** COLLECTED MATERIAL **
━━━━━━━━━━

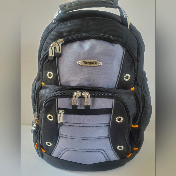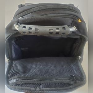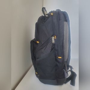 Black and gray laptop backpack with multiple compartments, padded straps and durable material.
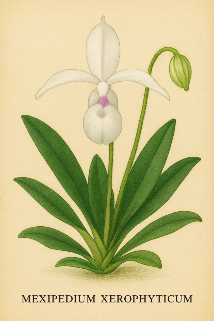 Nombres científicos relacionados: La historia taxonómica del Mexipedium xerophyticum es breve pero significativa, reflejando el debate botánico que surgió al intentar clasificar una planta que rompía con todos los esquemas conocidos para las orquídeas de su tipo en América.
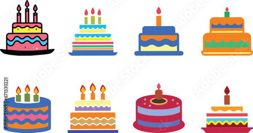 Set of Birthday decoration with sweet cake with candles. Vector retro style isolated on white. Cut file
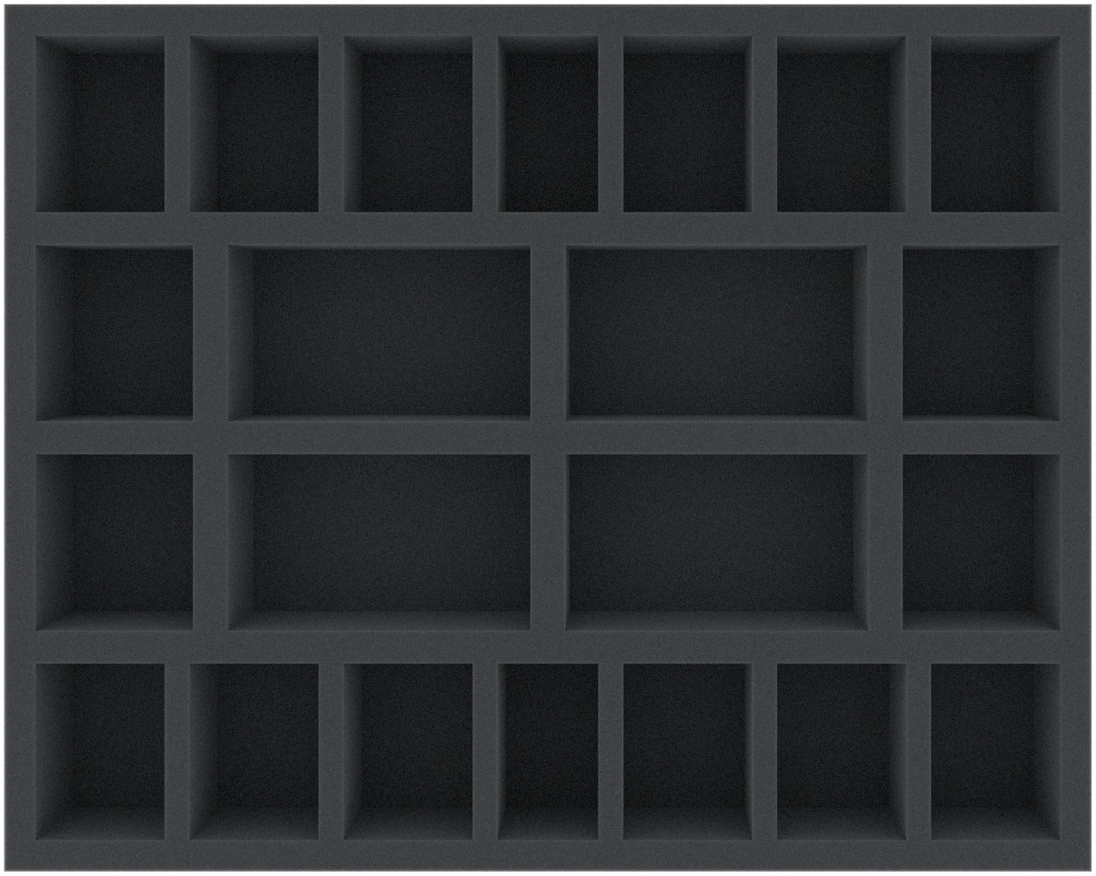 The Full-Size foam tray has the dimensions: 375 mm x 245 mm x 50 mm total height (40 mm usable height + 10 mm foam base).

━━━━━━━━━━

** YOUR INSTRUCTIONS **
Beginning with the line that contains "Nombres científicos relacionados: La" in the data above, please copy each line exactly until the last line, both ends included, skipping any pictures.

** SOLVED EXERCISE **
 Nombres científicos relacionados: La historia taxonómica del Mexipedium xerophyticum es breve pero significativa, reflejando el debate botánico que surgió al intentar clasificar una planta que rompía con todos los esquemas conocidos para las orquídeas de su tipo en América.
 Set of Birthday decoration with sweet cake with candles. Vector retro style isolated on white. Cut file
 The Full-Size foam tray has the dimensions: 375 mm x 245 mm x 50 mm total height (40 mm usable height + 10 mm foam base).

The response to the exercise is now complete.